Does your monthly mortgage payment include PMI? Contact us, you may be able to save money by removing your PMI.

How can homeowners keep from paying PMI?

With the utilization of The Homeowners Protection Act of 1998, on most loans lenders are required to automatically eliminate the PMI when the principal balance of the loan equals 78 percent of the initial loan amount. Smart homeowners can get off the hook a little earlier. The law promises that, upon request of the homeowner, the PMI must be abandoned when the principal amount equals only 80 percent.

It can take countless years to get to the point where the principal is just 20% of the original loan amount, so it's necessary to know how your home has appreciated in value. After all, every bit of appreciation you've gained over time counts towards dismissing PMI. So why should you pay it after the balance of your loan has fallen below the 80% threshold? Your neighborhood may not be reflecting the national trends and/or your home may have secured equity before things cooled off, so even when nationwide trends signify declining home values, you should understand that real estate is local.

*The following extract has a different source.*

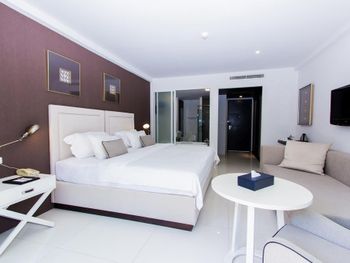 Очень близко от моря. Рядом много кафешек, магазинов, лотков с фруктами. Приветливый персонал. В номере бесплатный мини бар. Номер огромный и стильный. Правда очень неудобные подушки.

The toughest thing for many homeowners to understand is just when their home's equity rises above the 20% point. An accredited, licensed real estate appraiser can certainly help. As appraisers, it's our job to keep up with the market dynamics of our area. At MarketFocusValuations, we know when property values have risen or declined. We're experts at determining value trends in San Diego, San Diego County and surrounding areas. When faced with information from an appraiser, the mortgage company will often do away with the PMI with little effort. At that time, the home owner can relish the savings from that point on.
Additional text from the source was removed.